Rest Apis To Streaming Apis

Transform REST APIs into Fine-Grained Streaming APIs

What is a fine-grained streaming API?

A fine-grained streaming API provides direct access to entities and the fields they expose. These APIs eliminate the need for polling, by allowing clients to subscribe to entity state that should be kept up to date with minimal overhead. An entity will have state that drives differing use cases, and so the available data must be sufficient for all supported cases. With traditional coarse-grained APIs, that means more data is included than generally necessary, and re-transmitted each time an entity is updated. With fine-grained streaming APIs, that can be avoided because changes are streamed and reconciled on the client side since the previous state is already available, and only a differential update is needed.

Benefits of Fine-Grained Streaming APIs

Fine-grained streaming APIs achieve efficiency through the elimination of:

Clients invoke REST APIs to pull data for each update, whether the data has been updated or not. Streaming API clients subscribe to the information they want, and Streaming APIs ensure that the client is provided the most recent state as it changes without further client requests. Instead of N requests for N updates, Streaming API clients issue 1 subscription for N differential updates.

REST API overhead

REST APIs are request-response based, forcing clients such as web applications and microservices to poll for new data. With Streaming APIs, SwimOS clients can subscribe to state changes over a Websocket. REST APIs generally end up being coarse-grained, as a client is forced to poll an entity for state changes by making explicit requests. Rarely will this correspond to the moment the entity has just been updated. Instead, the object will likely not have changed at all, making the call a waste of time for the caller and callee. If it has changed, it is likely to not have just changed that very moment, so the time in between is pure suboptimal latency.

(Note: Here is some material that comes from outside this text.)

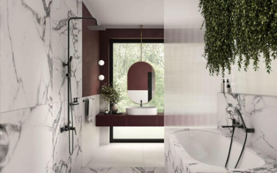 Centralne miejsce zajmuje umywalka umieszczona przy szerokim przeszkleniu, które otwiera widok na bujną zieleń. Lekka forma owalnego lustra w złotej ramie i okrągłych kinkietów uplastycznia wnętrze, tworząc nastrojowy klimat. Jagodowa szafka z pionowymi frezami akcentuje liniowość i przełamuje chłód kamienia. Minimalistyczna bateria VITTO BLACK VERDELINE o matowym wykończeniu i pochylonym korpusie podkreśla nowoczesny charakter strefy umywalkowej, a jej czarny kolor powtarzający się w części kąpielowej podtrzymuje wizualną konsekwencję. Baterie z tej serii wyposażono w perlatory oraz ograniczniki przepływu, co sprzyja ekonomicznemu użytkowaniu. Równoległe rozmieszczenie wanny i otwartego natrysku zapewnia czytelny układ funkcjonalny, a obłożenie obu stron marmurem o wyrazistym rysunku sprawia efektowne wrażenie monolitu.

Regardless of whether the object has just changed or changed some time ago, it is likely to be the case that only a portion of the fields have changed, meaning every such update in the system is transmitting highly redundant information.

Streaming API efficiency

With a Streaming API, there is no need to poll, eliminating the guesswork. Unlike Coarse-grained APIs, where a lot of unwanted information gets forced on clients, Streaming APIs allow clients to subscribe to just the subset of data they need, both regarding specific entities, as well as specific entity fields. Additionally, only the incremental changes are sent by Streaming APIs, after which the local update method gets invoked with the old and new values.

How it works with SwimOS

With SwimOS, entities are represented by Web Agents that make each entity accessible via web URIs. The Web Agent definition is like a Java class, and the Web Agent instance is the instantiated object. In a typical object, data is retrieved by calling hand-crafted methods, auto-generated accessors, or even direct field access where permitted. With Web Agents, data fields are themselves end-points.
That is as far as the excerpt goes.